> Activity
Your task is to copy the lines from the line containing "qgtao Techwear Skirt" through the end of the listing below, both included, without any pictures.

** Data shown follows **

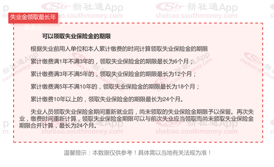 累计缴费十年以上:领取失业保险金的期限最长为二十四个月。也就是说,缴费满十年后,每多缴一年,可多领三个月的失业金,但最长不超过24个月。
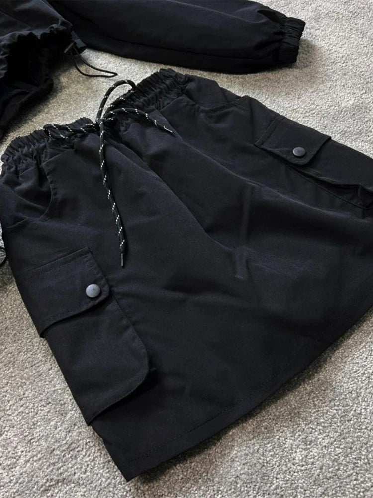 qgtao Techwear Skirt Sets Women Harajuku Hip Hop Y2K Mini High Waist Dress Sets Vintage Elasticity Two Piece Set Sport Outfit
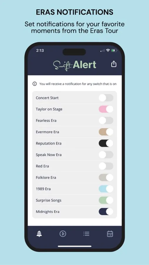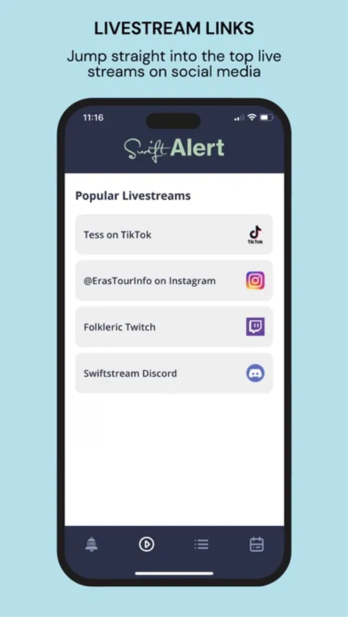 As the Eras Tour moves around the world, we know you don't want to miss a minute. Swift Alert will send you push notifications for the Eras and moments that you want to see. Stop doing the math to calculate time zones and set alarms on your phone; just set your alert preferences and we'll send you alerts so you can jump straight into the most popular Eras Tour livestreams on the internet.
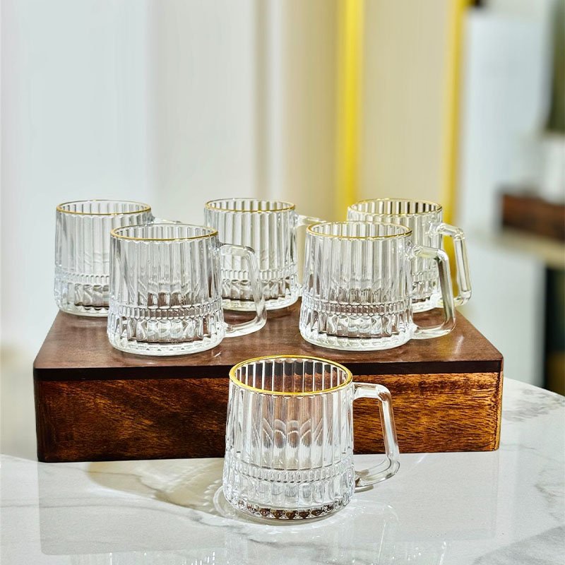 طقم كاسة شاي/6 زجاج سادة 170مل محزز K117/7 حيف ذهبي =VGR3

** End of Data shown **

> Response to this exercise
 qgtao Techwear Skirt Sets Women Harajuku Hip Hop Y2K Mini High Waist Dress Sets Vintage Elasticity Two Piece Set Sport Outfit
 As the Eras Tour moves around the world, we know you don't want to miss a minute. Swift Alert will send you push notifications for the Eras and moments that you want to see. Stop doing the math to calculate time zones and set alarms on your phone; just set your alert preferences and we'll send you alerts so you can jump straight into the most popular Eras Tour livestreams on the internet.
 طقم كاسة شاي/6 زجاج سادة 170مل محزز K117/7 حيف ذهبي =VGR3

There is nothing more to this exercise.